**** Records shown

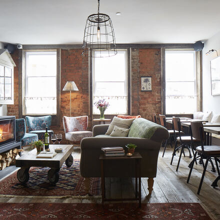 Friendly staff show us to the Picture Room, a light and airy double with crisp white linen and walls hung with playful graphic prints saying things such as “Rise and shine”. It’s modest rather than spacious: a comfy double bed leaves room for two stylish arm chairs and a desk with views to the neighbouring buildings. (Only the two attic rooms have sea views.)
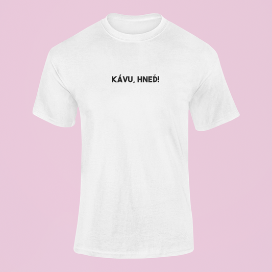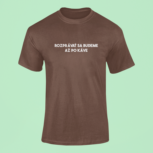 Tričko s nápisom "Rozprávať sa budeme až po káve"
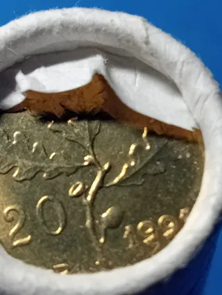 Rotolino di monete da 20 Lire della Repubblica Italiana1991 20 lire ramo di quercia in conservazione FDC fior di conio disponibilità più pezzi al pezzo euro 8
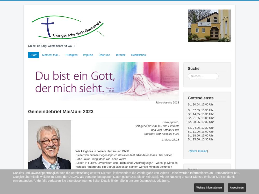 | Gottesdienst: | Sonntag 10:30 Uhr |
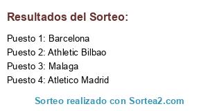 Lista de participantes: Malaga, Athletic Bilbao, Barcelona, Atletico Madrid.
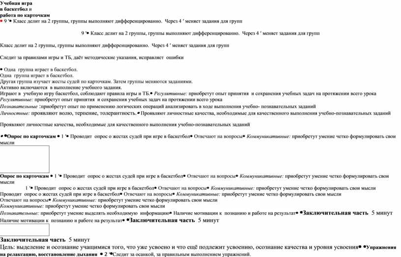 Учебная игра в баскетбол и работа по карточкам
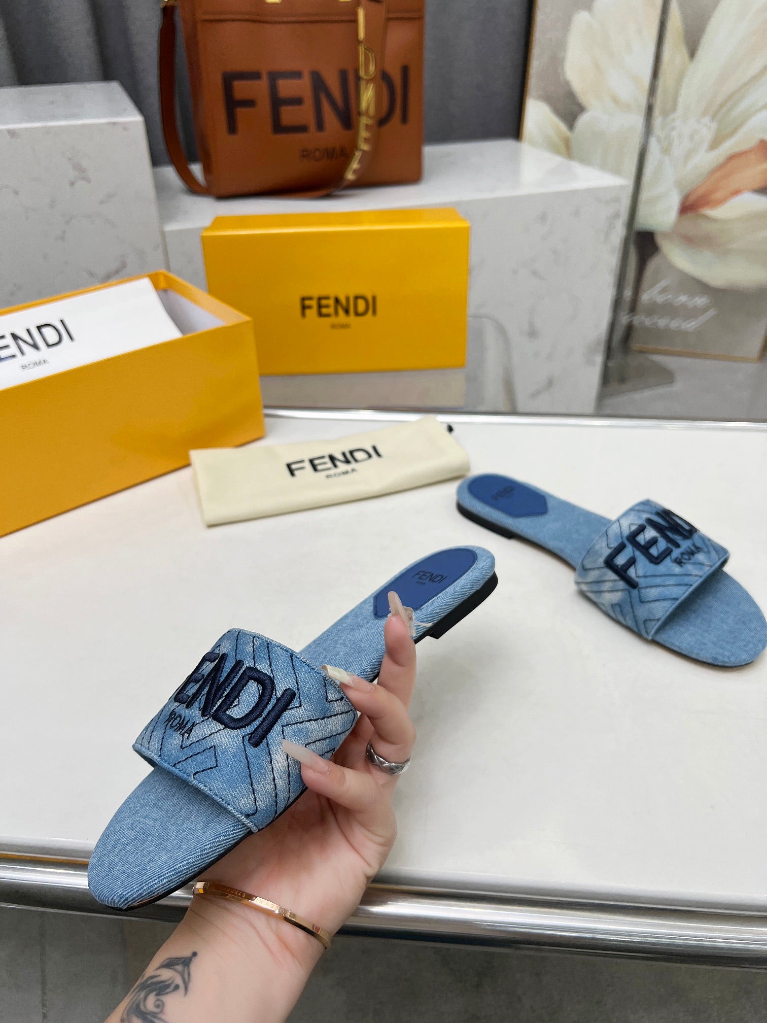 FENDI BAGUETTE SIGNATURE SLIDE IN LIGHT BLUE DENIM AND BROWN CALFSKIN
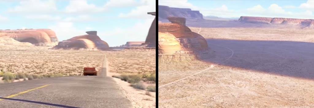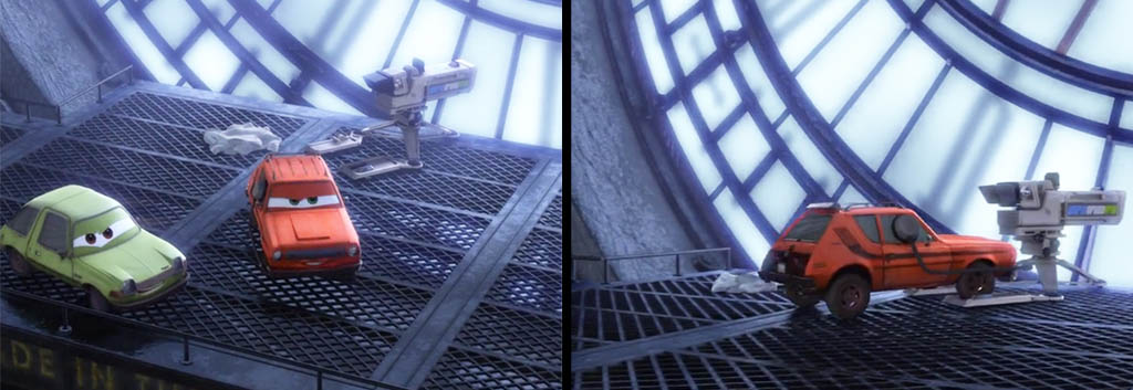 На таких мелочах, как перемещающаяся по столу ваза во время свидания с Салли, мы заострять внимание не будем. Лучше спросим, как в финале первой части Шериф (черный полицейский автомобиль) лихо изменил местоположение в соседних кадрах.
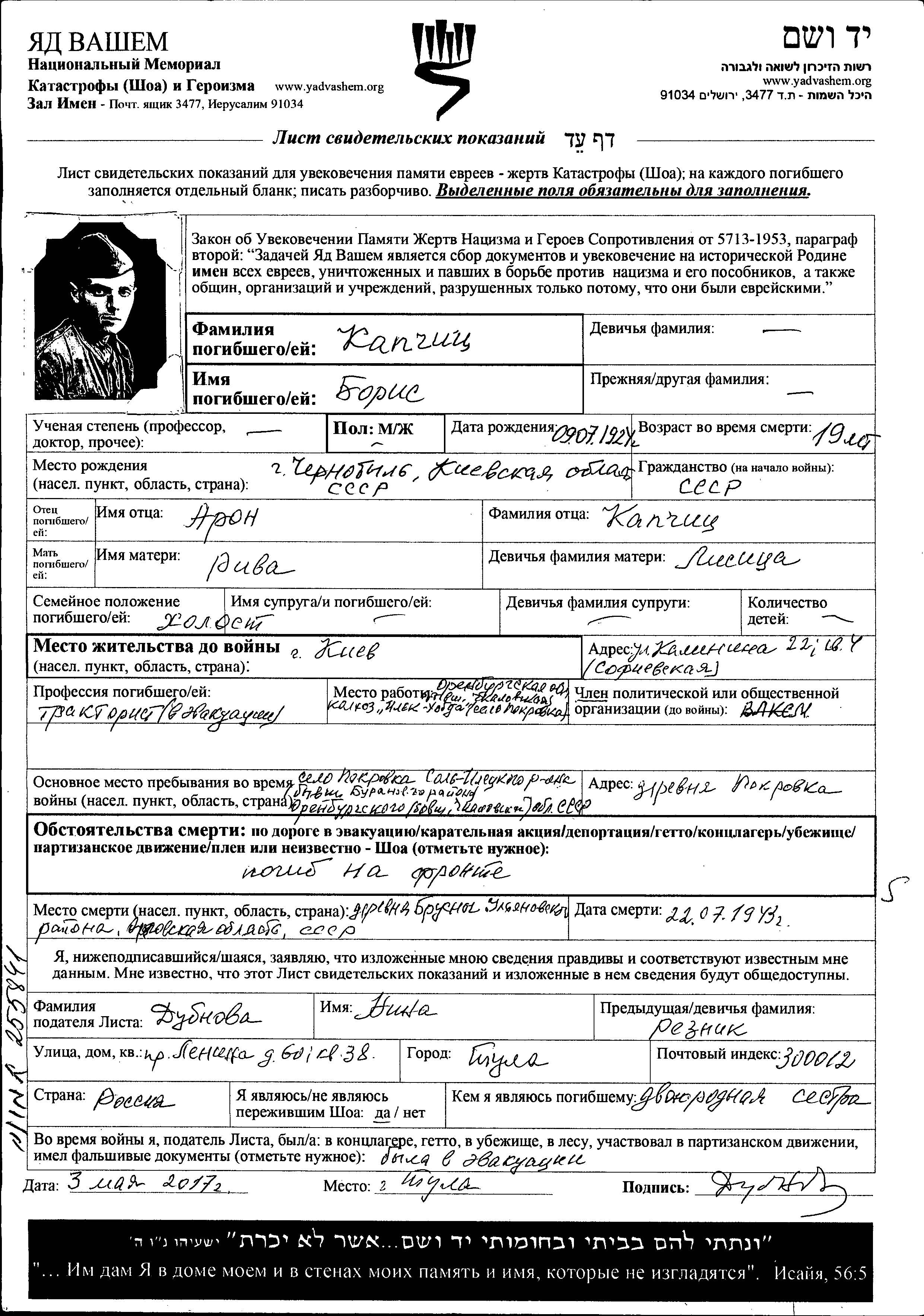 Boris Kapchitz was born in Chernobyl, Ukraine (USSR), 1924. He was a tractor driver. Prior to WWII he lived in Kiev, Ukraine (USSR).

********

Everything from the line with "FENDI BAGUETTE SIGNATURE" through the last line above must be repeated exactly, except the pictures.

 FENDI BAGUETTE SIGNATURE SLIDE IN LIGHT BLUE DENIM AND BROWN CALFSKIN
 На таких мелочах, как перемещающаяся по столу ваза во время свидания с Салли, мы заострять внимание не будем. Лучше спросим, как в финале первой части Шериф (черный полицейский автомобиль) лихо изменил местоположение в соседних кадрах.
 Boris Kapchitz was born in Chernobyl, Ukraine (USSR), 1924. He was a tractor driver. Prior to WWII he lived in Kiev, Ukraine (USSR).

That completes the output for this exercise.